Business interests monopolize Arkansas' Economic Recovery Task Force

Arkansas Gov. Asa Hutchinson looks on as Steuart Walton, chair of Hutchinson's Economic Recovery Task Force, speaks at a COVID-19 press briefing in May. (Screengrab from this YouTube clip.)

Arkansas Gov. Asa Hutchinson (R) announced the formation of his Economic Recovery Task Force on April 18. The 35-person committee is charged with developing a strategy to safely reopen Arkansas' economy as the COVID-19 pandemic continues.

It's been dominated by business concerns from the start. Of the group's 35 members, at least 18 represent business or industry interests — including the state Chamber of Commerce, the Arkansas Hospitality Association, and The Poultry Federation. Other members include representatives of state agencies and religious organizations, but there are none representing labor or grassroots organizations. Hutchinson appointed Steuart Walton — the grandson of Walmart founder Sam Walton and a current member of Walmart's board of directors — to chair the task force.

Walton is the founding chair of RZC Investments and a principal in The Runway Group, a holding company that invests in hospitality, real estate, and other cultural attractions in Northwest Arkansas, where Walmart's corporate headquarters are located. The Walton family dominates philanthropy and economic development in the region, and Steuart Walton has been a generous donor to the Arkansas Republican Party as well as to Hutchinson's campaign. Task force members and the organizations they represent have contributed at least $130,000 to Hutchinson's three campaigns for public office.

Walton's influence on the task force extends beyond his chairmanship. According to meeting minutes Facing South obtained via a public records request, three of The Runway Group's employees have been staffing the Economic Recovery Task Force. And two other people with Walton ties have also attended committee meetings as staff; minutes from the group's first meeting on April 21 refer to three of the five collectively as the "Walton Team."

The Runway Group employees staffing the task force are CEO Chad Yoes, Vice President Mike Malone, and Communications Director Krista Cupp. Before coming to Runway, Yoes was a vice president at Walmart, where he worked for over 17 years. Malone previously served as president of the Northwest Arkansas Council, a regional economic development organization. And Cupp previously worked for the National Rifle Association and Tyson Foods, a meat-processing company based in Arkansas.

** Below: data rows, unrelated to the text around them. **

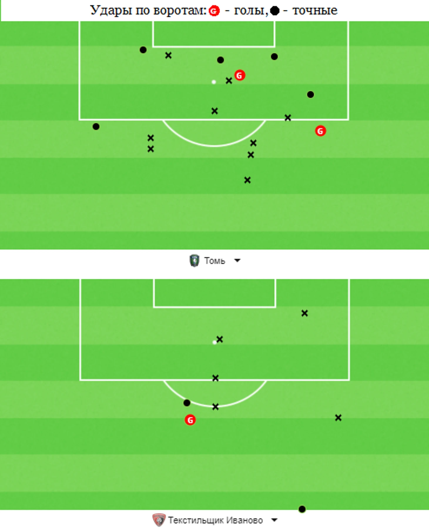 Владение мячом в пользу "Томи" (57% против 43%), удары/в створ (16/7 против 8/3), угловые 7-2, офсайды 2-1. Желтые карточки получили лишь игроки гостей - Евгений Маричев (37') и Николай Радченко (78'). Точность передач 81% против 80%, количество ключевых - 14 против 4.
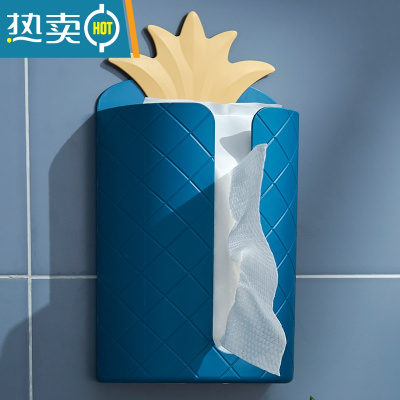 敬平抽纸盒壁挂式家用客厅创意免打孔倒挂厨房卧室厕所收纳挂壁纸巾盒 菠萝蓝
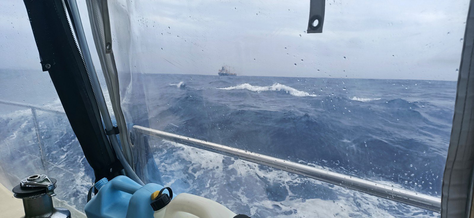 In the next hour or so, they lowered a wooden dinghy from the deck of their boat, came across to take all our empty jerry cans which they filled and brought back, along with two extra jugs of their own (over 180 litres in all), and a 20kg bag of small frozen fish thrown in as such a bonus kind offering.
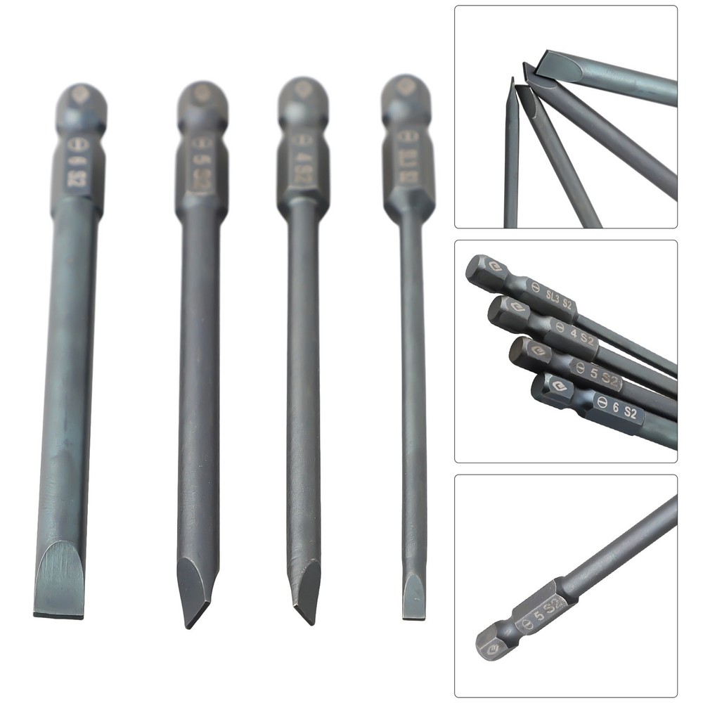 Beschreibung Features: *Those Slotted Tip Screwdriver Bits are made of alloy steel which is a commonly used material in hardware. *Magnetic bits can be firmly fixed on screwdrivers. *The is bluish, and it is resistant to rust. *4 sizes to choose from at an affordable can meet your requirements. *Fitting for electric screwdrivers, hand screwdrivers, electric drills, air drills and so forth. Specifications: *Product name: Slotted Screwdriver Bit *Materials: Alloy steel *Color: Blue *Type: Slotted Tip *Length: 100mm/3.93'' (Approx.) *Size: (Optional ) SL3.0, SL4.0, SL5.0, SL6.0 *Shank Size: 6.35mm (1/4'') Hex *Suitable for: DIYers, Home decoration, furniture installation, carpentry work *Quantity:1pc Package Included: 1*Slotted Screwdriver Bit Note: 1.Transition: 1cm=10mm=0.39inch. 2. The real color of the item may be slightly different from the pictures shown on website caused by many factors such as brightness of your monitor and light brightness. 3. Please allow slight manual measurement deviation for the data. POLICES Shipping Payment WARRANTY We only ship to confirmed ebay Order addresses. Please comfirm that your Order address is in line with your shipping address. Please kindly note that the c ombined shipping is not provided because the shipping fee is calculated by weight. Also, the each additional item means exactly the the same color and size. It takes about 7 -15 working days to US; about 10-30 working days to other countries. Transit time may be a little delayed because of the bad weather and customs inspection . If you do not receive your item within 30 working days since payment finished, please contact us immediately for further assistance. Payment must be completed within 5 days. If you have any problems about payment, please contact us via ebay message. We strive for 100% customer satisfaction! Positive Feedback is very important to us. If you have any questions, p lease feel free to contact us via "Ask seller a question" . We will reply your email within 24 working hours.
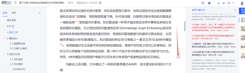 (5) 全新升级文献知网节,优化页面布局,首屏揭示节点文献的内容特征及可读性,构建以单篇文献为节点的世界知识网络,刻画以节点文献为中心的主题发展脉络,满足用户对选定文献全面感知及主题扩展的需求。
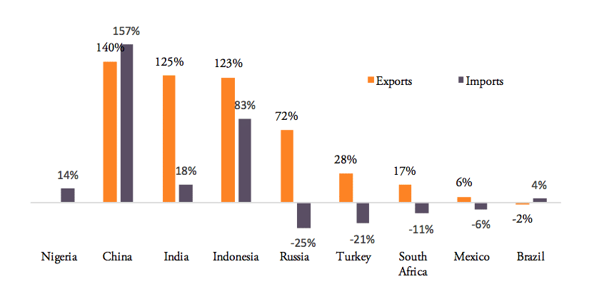 Source: WTO COMTRADE and Eurostat. For the EU, number are given in EUR. Note: Nigeria’s export growth rate for the period 2007 to 2014 (latest data available) was 1,499 per cent, an outlier, which has been eliminated from above chart.
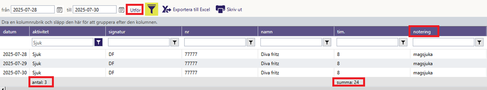 I exemplet nedan visas sjukfrånvaro eftersom vi har valt att filtrera på Sjuk. För att ladda rapporten, klicka på "Utför". När vi registrerade sjukfrånvaron i kalendern, skrev vi en kommentar i fältet "Notering", och den informationen visas nu under fältet Notering.
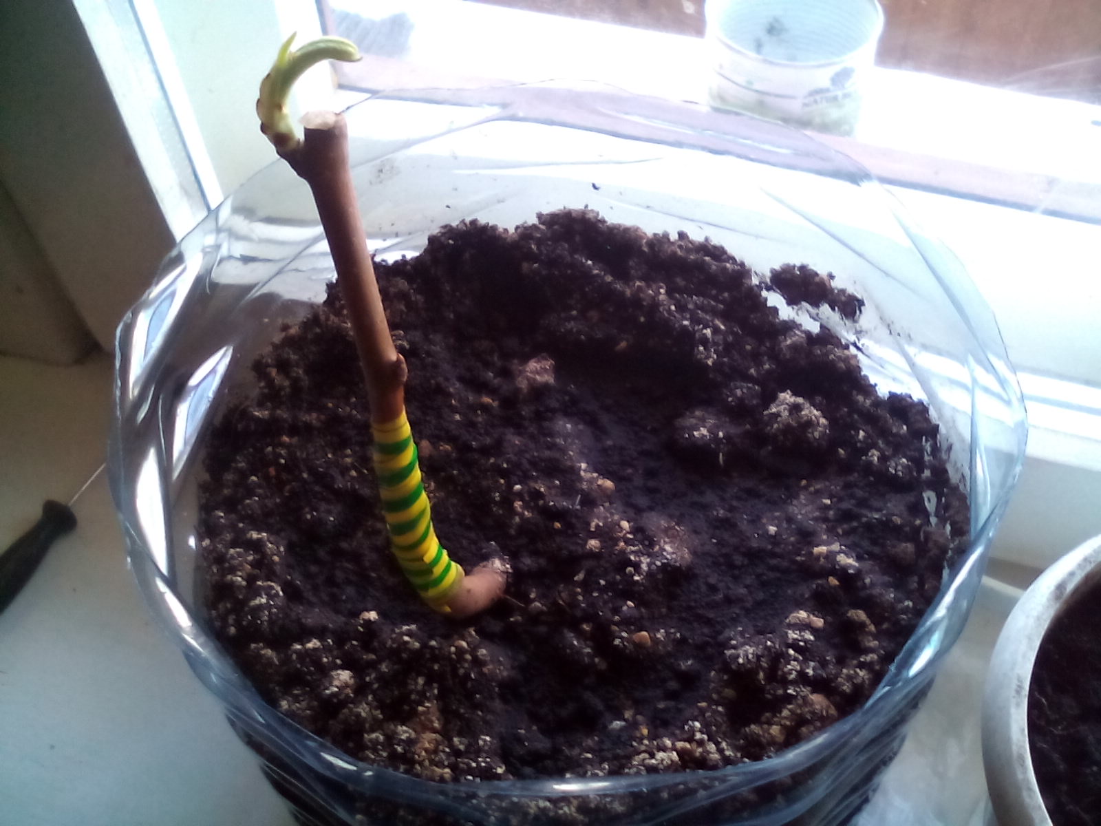 Скорее всего, вся конструкция через две недели накроется "медным тазом", корней ещё нет.

The other members of the task force's "Walton Team" are Angie Cooper and Ryan Baird. Cooper is a chief program officer at Heartland Forward, a regional think tank spearheaded and funded by the Walton Family Foundation; she spent nearly 17 years working in government relations for Walmart, according to her LinkedIn page. Since 2016, Baird has been the advocacy director for Leadership for the Future, a 501(c)(4) nonprofit started by Steuart Walton and his brother Tom "to reframe Northwest Arkansas's community priorities through a systematic effort to educate current elected officials, cultivate community leaders, and support policy issues," according to its public tax forms. It paid Walton Enterprises, the family office that serves the personal and business needs of the family of Sam and Helen Walton, $240,000 for administrative expenses in 2018.

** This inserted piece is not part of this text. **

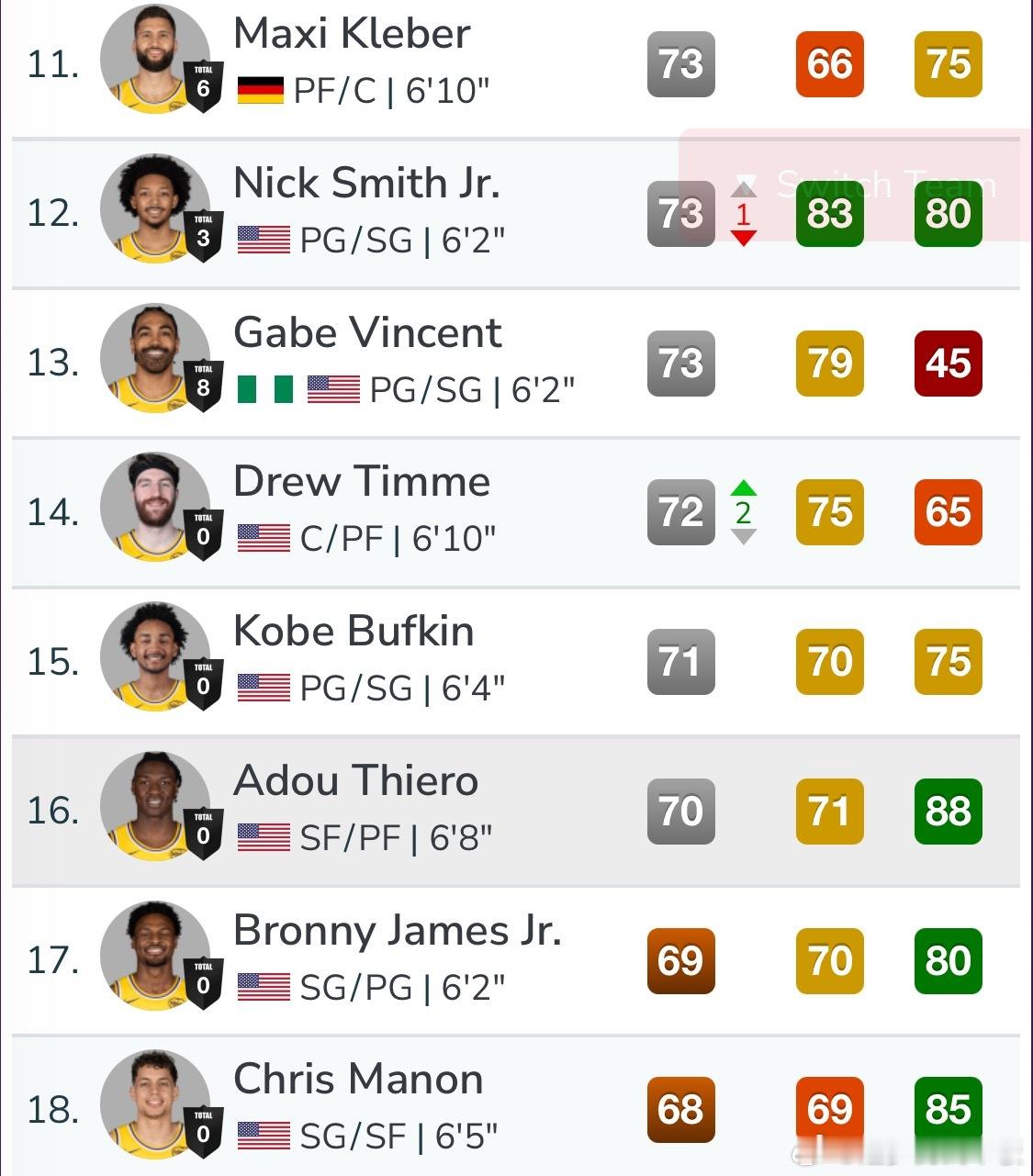 NBA2K26进行赛季球员能力值第6次更新,能力值提升的主要球员有: 文班亚马96,恩比德90,贾马尔-穆雷90,弗拉格86。湖人此次共有5名球员能力值调整,2升3降艾顿81⬇️80八村垒80 ⬇️79斯玛特77⬆️78尼克-史密斯74⬇️73朱-蒂米70⬆️72NBA点赞成金
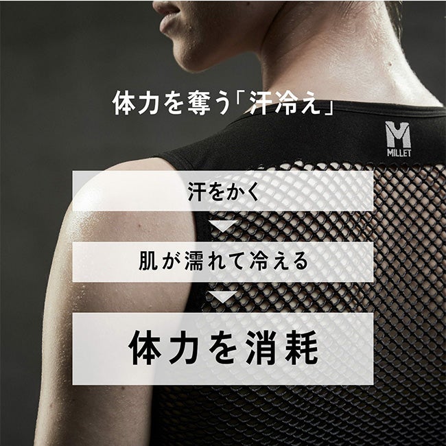・汗はメッシュを抜けて素早くベースレイヤーに移行し、肌をドライな状態に維持するため、

According to minutes reviewed by Facing South, the Walton Team has worked with the governor's office and members of the task force to prepare much of the task force's most prominent public-facing material. That includes the website arkansasready.com, which aggregates information and government regulations for businesses and consumers about mitigating the spread of COVID-19, and the task force's interim report, which was published on May 28. Their roles on the task force have not been previously reported.

A spokesperson for the Runway Group told Facing South that the team members "volunteered their time for administrative tasks to support the governor's Economic Recovery Task Force." Heartland Forward did not return a request for comment, and a phone call to the number listed on Leadership for the Future's tax documents was answered by the Walton Family Foundation's voicemail. The governor's office did not respond to requests for comment.

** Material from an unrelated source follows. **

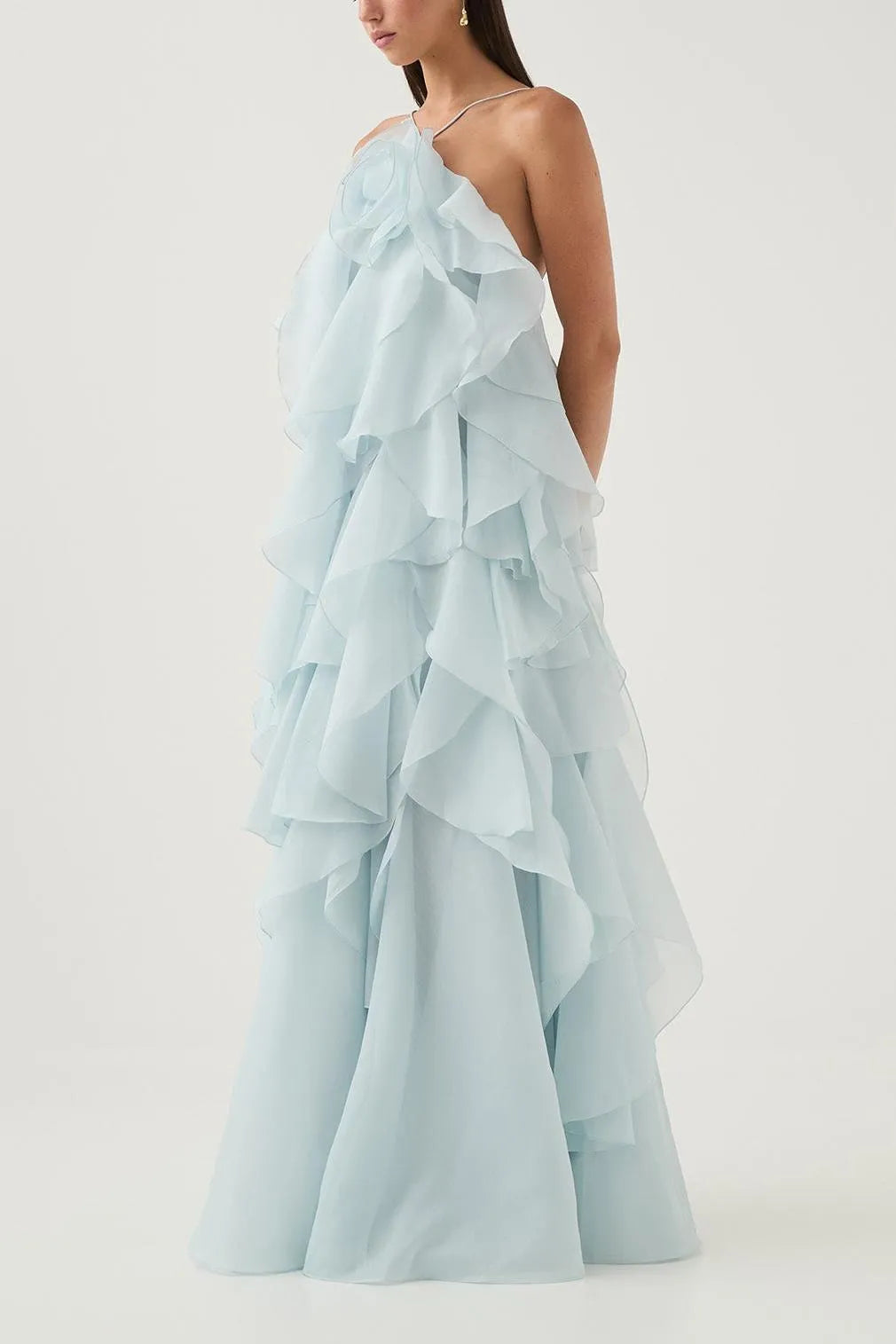 3D Flower Halter Neck Frill Maxi Dress
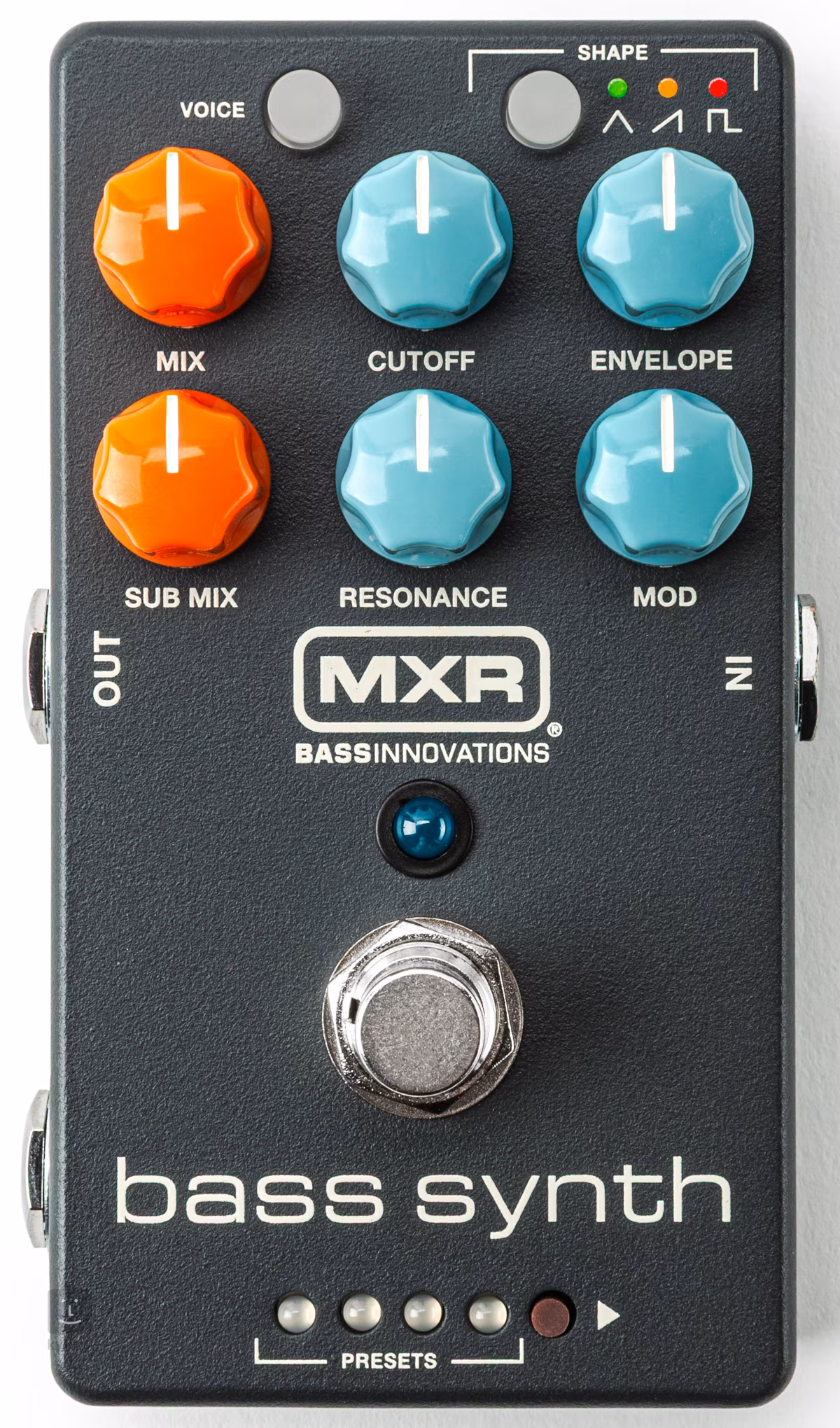 Panel sterowania jest wyposażony w sześć podstawowych elementów sterujących, które umożliwiają regulację parametrów obwiedni, odcięcia, modulacji lub rezonansu. Ponadto każdy z potencjometrów ma ukryte alternatywne funkcje do ustawiania drugorzędnych parametrów. Pokrętło Mix reguluje stosunek sygnału suchego do mokrego, podczas gdy Sub Mix pozwala kontrolować stosunek między głównym syntezatorem a linią sub-oktawową. Użyj pokrętła Shape, aby łatwo wybrać preferowany kształt fali dźwiękowej, a pokrętła Voice, aby dodać dodatkowy oscylator w celu zwiększenia złożoności ogólnego brzmienia. W dolnej części panelu sterowania znajduje się przycisk do przełączania między ośmioma zapisanymi ustawieniami wstępnymi.

The presence of people with Walton ties on the task force and its staff does not appear to have resulted in any special treatment for Walmart. But it shows how closely intertwined Arkansas' state government is with the state's major businesses — a relationship on vivid display as Hutchinson appeared for daily briefings for weeks in front of a backdrop that declared "Arkansas: Ready for Business."

"The makeup of the advisory council is completely, completely skewed towards giant corporate folks," said Bill Kopsky, the executive director of the Arkansas Public Policy Panel, a nonprofit that organizes with grassroots communities across the state. "What the governor has done is surrounded himself only with those people, and so there is no debate. They're all in their own ideological echo chamber, and it's led to disastrous policy."

Together for Arkansas?

The composition of Arkansas' economic recovery task force stands out among similar efforts in other states. California Gov. Gavin Newsom's (D) task force on business and jobs, for instance, includes representation from across the labor, business, and health care sectors, including several union leaders. The COVID-19 response task force established by Gov. Roy Cooper (D) in North Carolina has an explicit focus on "economic stability, health disparities, and environmental justice."  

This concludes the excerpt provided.